The go-to resource for upgrading Python, Django, Flask, and your dependencies.

Identifying Memory Leaks in Long-Running Celery Workers with tracemalloc


You’ll notice memory usage gradually climbing in your Celery workers after days or weeks of processing thousands of tasks—eventually triggering OOM kills as RAM exhausts. This memory leak behavior, common in long-running processes, typically arises from global variables, unclosed database connections, or objects that evade garbage collection.

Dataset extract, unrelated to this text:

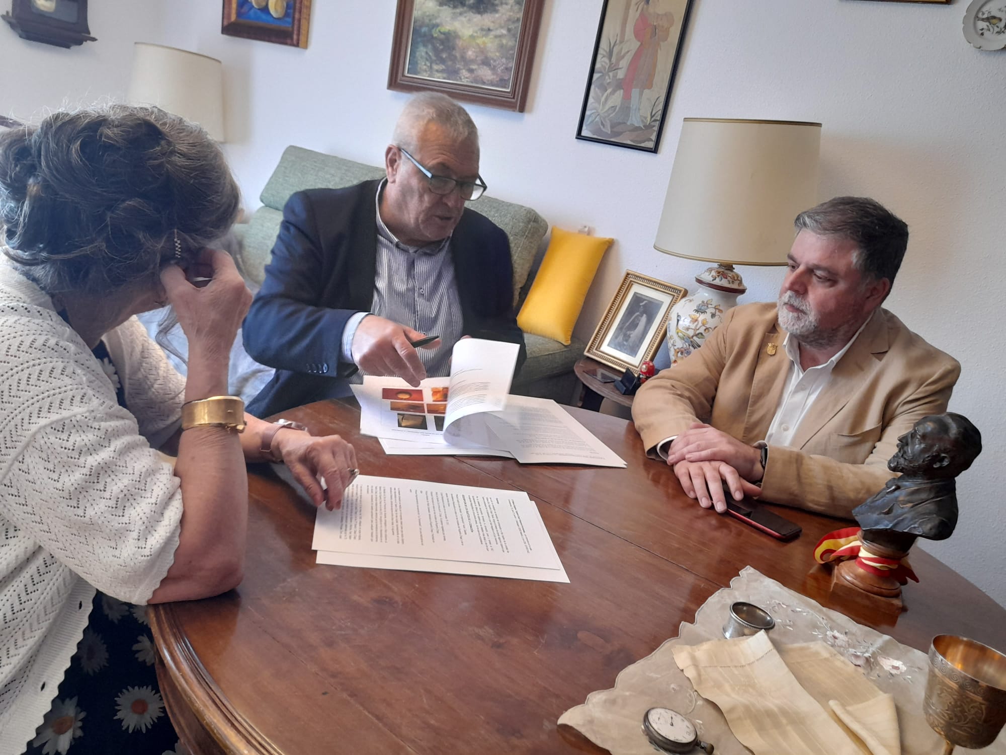 La delegación municipal formada por el alcalde de Villena, Fulgencio Cerdán; la edil de Cultura, Elena Benítez; y el director de la Casa de la Cultura, José Ayelo, han viajado hoy a Madrid donde se ha formalizado la cesión de objetivos personales del músico y compositor Ruperto Chapí a la exposición permanente que se encuentra en el Teatro de Villena. La biznieta de Chapí, María Ángeles Tejedor-Casal, ha formalizado el documento de cesión de los objetos que recibió en herencia.

In this guide, we’ll use Python’s built-in tracemalloc module to identify the source of memory leaks in Celery workers. Unlike external profilers, tracemalloc is part of the standard library (Python 3.9+), requires no dependencies, and provides precise allocation tracking.

What you’ll learn:

  • How to detect memory leaks using tracemalloc snapshots
  • Integrating tracemalloc into Celery workers with signal handlers
  • Common leak patterns in Celery tasks and how to fix them
  • Production-ready monitoring strategies

Related: 48. FastAPI BackgroundTasks vs Celery

The Challenge of Memory Leaks in Long-Running Processes

Memory leaks are a classic problem in software engineering, particularly for long-running processes like Celery workers. Unlike short-lived scripts, workers process thousands or millions of tasks over days or weeks, causing small memory allocations to accumulate until they become critical.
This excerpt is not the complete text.